TASK DIRECTIONS: Below are entries; repeat exactly, and nothing else, the lines from the one holding "DL04 Glow In The Dark(Green)" through the one holding "1106 E SOUTH TEMPLE EC", inclusive. Leave the pictures out.

MATERIAL SHOWN:

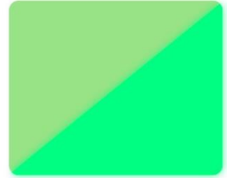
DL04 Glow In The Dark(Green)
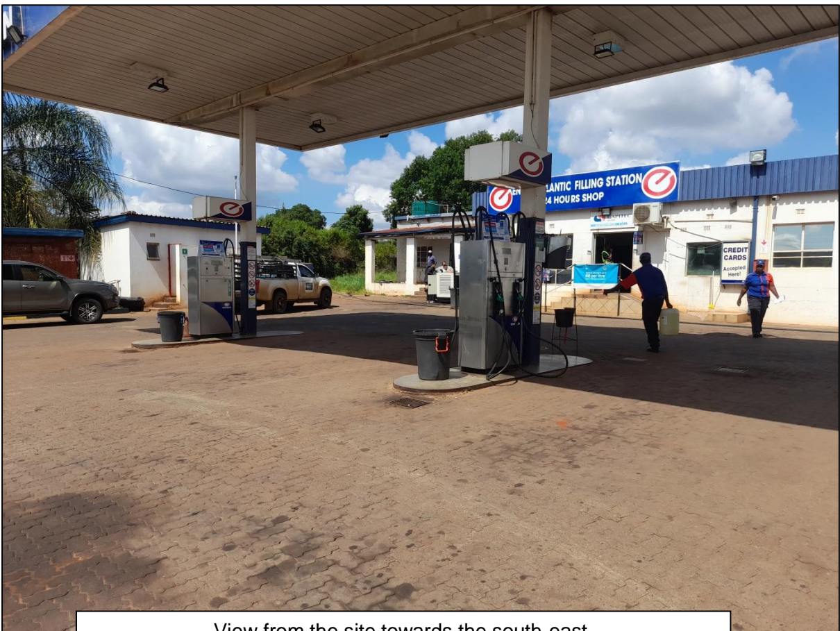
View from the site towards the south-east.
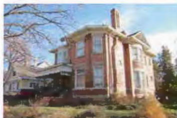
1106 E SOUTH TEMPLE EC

...

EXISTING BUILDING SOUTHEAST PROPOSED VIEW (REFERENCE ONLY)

ANSWER TO THIS EXERCISE:
DL04 Glow In The Dark(Green)
View from the site towards the south-east.
1106 E SOUTH TEMPLE EC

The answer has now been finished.